中島:2017年の始め頃ですね。当時は、シード期の資金調達をちょうど終えようとしていたタイミングだったんですが…。
光井:「今からでも入れてください!営業支援頑張るので是非!」と猛烈アピールさせていただいて(笑)
中島:その熱量に押されて、「そこまで言っていだだけるなら是非!」とすべり込みで入っていただきましたよね(笑)
ーそれはすごい(笑)当時そこまで出資したいと思われた理由は?
光井:当時、建設業はまだ業界としてIT化率が低くて、そこを変革していける起業家と出会いたいと考えていました。
そんな時に「建設業界出身でご自身でコードも書けるすごく稀有な起業家がいる」と、ジェネシア・ベンチャーズの田島さんに中島さんをご紹介いただいたんです。当時のチームヘッドの黒崎さんと一緒に中島さんにお会いした際、すごく誠実で本気で建設業を変えたいという想いが伝わってきて「絶対ご一緒したい!」と思い、投資させていただきました。

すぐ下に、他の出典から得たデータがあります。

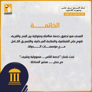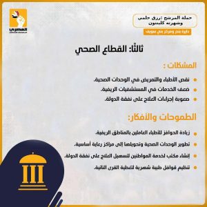 وأوضح المرشح أن برنامجه يتضمن خطة شاملة لتطوير القطاعات الحيوية داخل الدائرة، تشمل الزراعة، التعليم، الصحة، التضامن الاجتماعي، الصرف الصحي والصناعي، والمشروعات الصغيرة، بما يضمن تحسين مستوى الخدمات والمعيشة للمواطنين.

中島:ありがとうございます。当時はまだ「建設テック」という言葉も一般的でなかったですし、フォトラクションも創業間もないタイミングだったので、とても励まされました。
ーその当時からの関係が、今回のHIRAC FUNDからの出資につながったんですね。

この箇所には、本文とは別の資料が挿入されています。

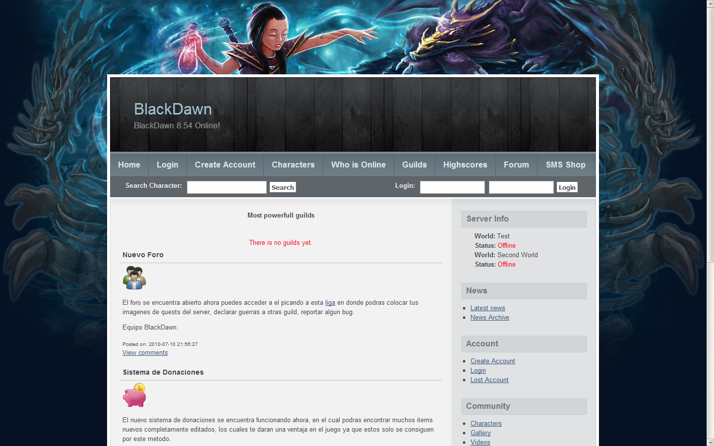 Aqui un ejemplo de una pagina creada con ModerACC, el resultado que se obtiene es bastante bueno aparte de que es completamente diferente a la web de Tibia. Se le pueden agregar nuvos scripts como con el gesior para obtener mejoras en la web, ya sea mostrando mas informacion como una lista de muertes o el equipo que lleva un player. Funciona con un sistema mas seguro, y con un codigo mas limpio que el gesior osea que cuenta con menos bugs, pero todo esto hace que sea mas dificil de modificar.

中島:これは本当に偶然で、光井さんと久しぶりお会いした時に、ちょうど資金調達のファーストクローズのタイミングで「セカンドもする予定なんです」と何気なくお話したんですよね。そうしたら「HIRAC FUNDからも出資できるかもしれません!」と言っていただいて。HIRAC FUNDはシード・アーリーステージに特化しているイメージが強かったので、そのように言っていただけたのは想定外でした。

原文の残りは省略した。